Cauliflower. These finicky plants need to be planted as seedlings about six to eight weeks prior to the first frost. The more consistent you can be with cauliflower plants, the better results you will have. Rich soil and regular moisture is absolutely essential to quality cauliflower, which matures within sixty days.
Lettuce. Lettuce is the iconic plant of fall gardening. These plants grow best with seeds planted directly into the ground, rather than growing seedlings separate and transplanting. Be sure to protect these seedlings with plenty of shade from the sun and provide regular moisture. These plants mature within forty-five to sixty days.
Mustard Greens. Mustard grows exceptionally fast. Plant seeds directly into ground about six weeks prior to the first frost. These seeds will only germinate in soil that is between 45 and 85 degrees, so if you’re in a warmer climate, be sure to use mulch to keep the ground cool and moist. Consistent moisture is absolutely essential to the plant’s growth; allow for approximately forty-five days maturing.
Radishes. It is important to note the variety of radishes you are planting. Winter breeds, such as the China Rose, will need a longer growing time (plant six weeks prior to frost) than breeds not specifically tailored for cold weather (these types can be planted four weeks prior to the first frost). Radish plants mature quickly and are ready for harvest as soon as they reach an edible size, so be sure the check them frequently. Allow for twenty-two to forty-five days of maturing time, depending on the variety of seed used.

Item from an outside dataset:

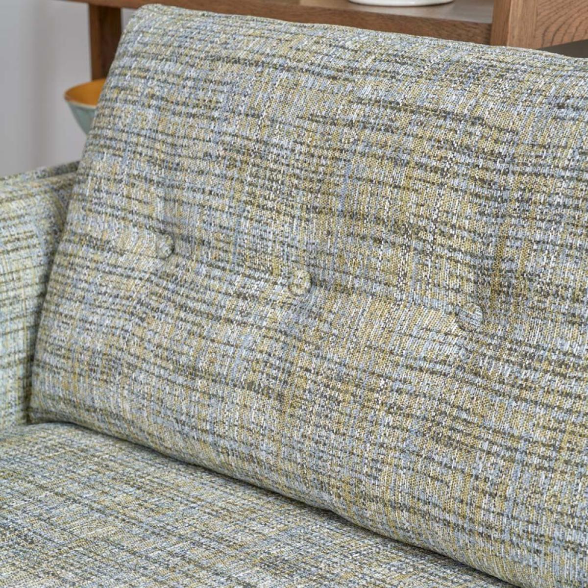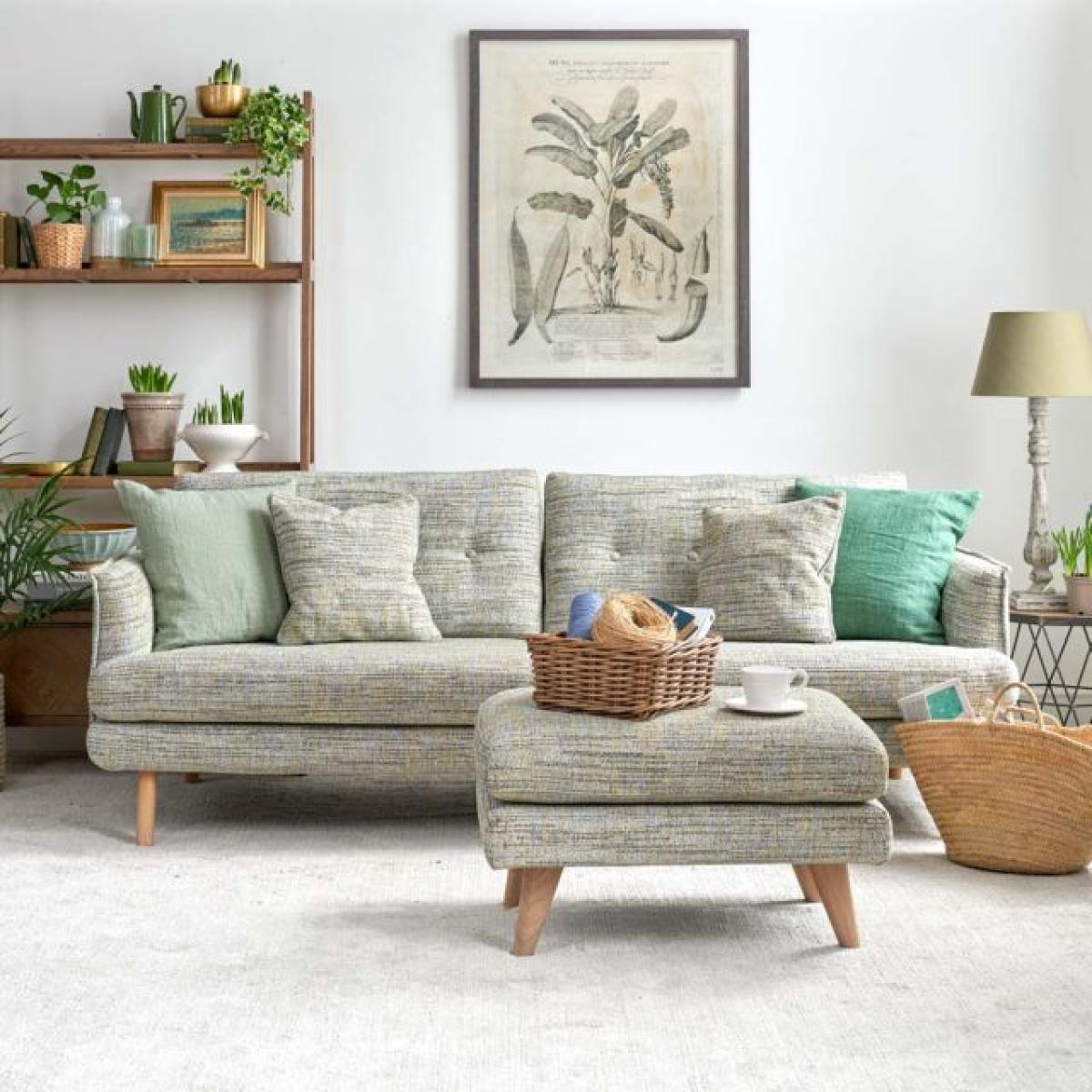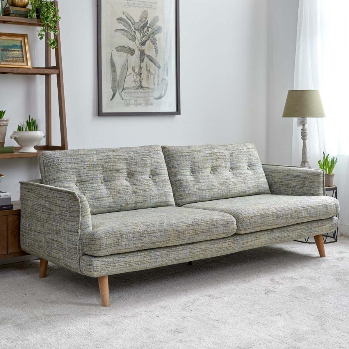 The Madrid Extra Large Sofa is a low slung sleek design with great proportions and ample seating space. The sofa easily sits three people. Handmade in the EU the sofa's quality is exceptional, and it's upholstery is neat and perfectly fitted. The rear cushions have buttoning detail while the outer edges of the arms are pipted to accentuate the line. In addition to the four oak legs, the sofa also has a central leg for additional support. Available here in Torino Springtime Cotton Weave, but with more fabric options coming soon.

Rutabagas. These plants can be grown in spring sowing, but many gardeners agree that their flavor is better when planted in the fall. These should be planted about twelve weeks prior to the first frost, and in areas with hot days well into the fall months, they should not be planted until nighttime temperatures consistently reach about 50 or 60 degrees. Consistent moisture for these plants is vital, and they require about ninety days to mature.
Spinach. Spinach seeds should be sown about five weeks prior to the first frost. This plant is one of the most hardy cold-weather plants, and it will continue producing until the temperatures fall as low as 20 degrees. Ensure a rich and fertile soil prior to planting, and allow for forty-five days of maturing time.
Fall Gardening Success
Fall gardening can be just as rewording and fruitful as spring and summer gardening. With the right planning and preparation, you and your family can enjoy fresh garden vegetables well into the winter months. Follow the guidelines for your climate zone, growing season, and plant requirements, and you will have a successful yield of tasty veggies to enjoy all winter long.